Currency exchange
Dan and Ann have 9 and 8 coins respectively. What is the smallest number of coins they must swap so they end up with equal amounts of money.
Problem
Dan has nine 20p coins and his sister Ann has eight 50p coins. What is the smallest number of coins that must change hands so that Dan and Ann end up with equal amounts of money?
If you liked this problem, here is an NRICH task which challenges you to use similar mathematical ideas.
Student Solutions
Answer: 5 coins
The difference between the amounts
Dan: 9$\times$20p = £1.80
Ann: 8$\times$50p = £4.00
Difference: £2.20
Half of £2.20 = £1.10 needs to change hands (from Ann to Dan)

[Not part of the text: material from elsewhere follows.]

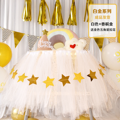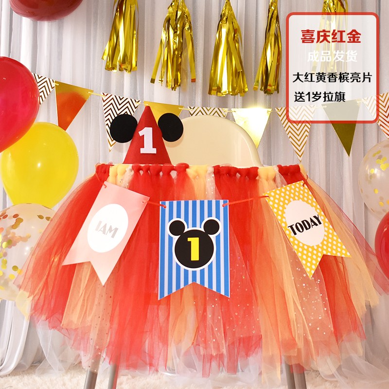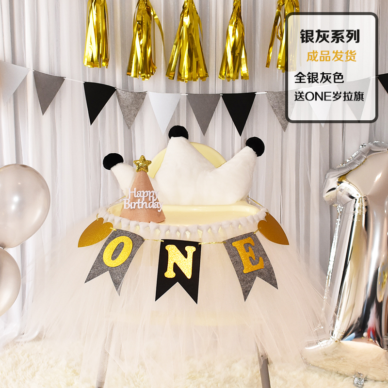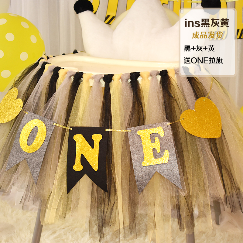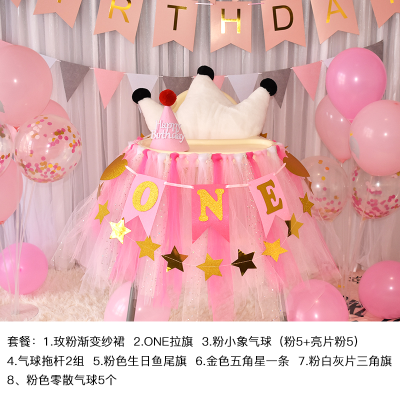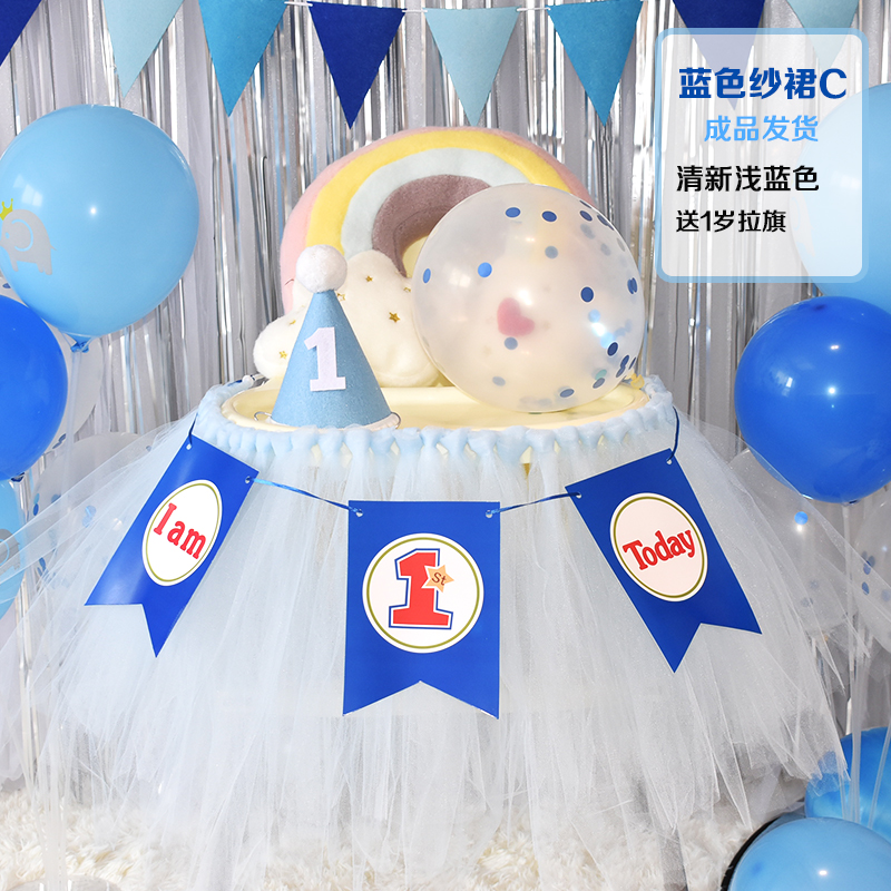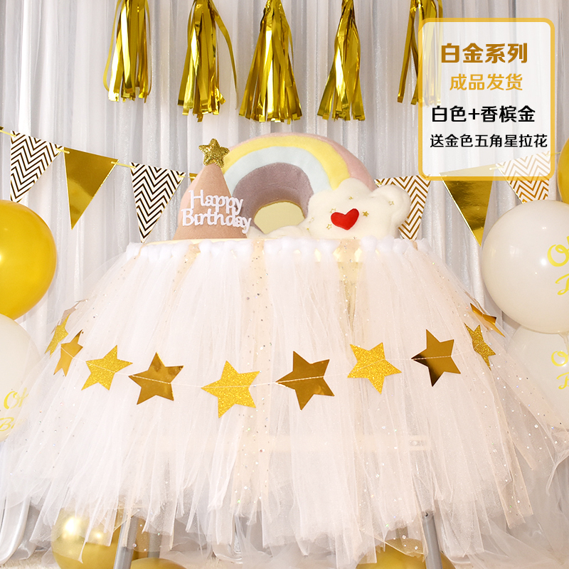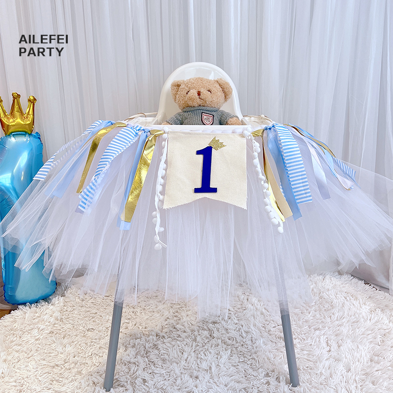 批發一周歲寶寶生日餐椅紗裙裝飾tutu紗椅紗場景氣球布置圍紗桌裙

£1.10 = 50p + 3$\times$30p $\rightarrow$ not OK because Ann has no 20p s to give to Dan
£1.10 = 3$\times$50p $-$ 2$\times$20p $\rightarrow$ 5 coins exchanged
Finding the total amount of money
In total, Ann and Dan have 180p + 400p = 580p, so they need to end up with 290p each. Therefore Dan needs to receive at least three 50p coins from Ann to have enough money. Then Ann has 250p, so she needs at least two 20p coins from Dan, at which point they have 290p each. Therefore, at least 5 coins must change hands.
Algebra
Suppose Dan gives Ann $x$ $20$p coins and Ann gives Dan $y$ $50$p coins. Then Dan has $(180-20x+50y)$p and Ann has $(400-50y+20x)$p.
We need $180-20x+50y=400-50y+20x$, which is the same as $10y-4x=22$, that is $5y-2x=11$. The solution to this equation which minimises $x+y$ is $x=2$, $y=3$, so the smallest number of coins that must change hands is $5$.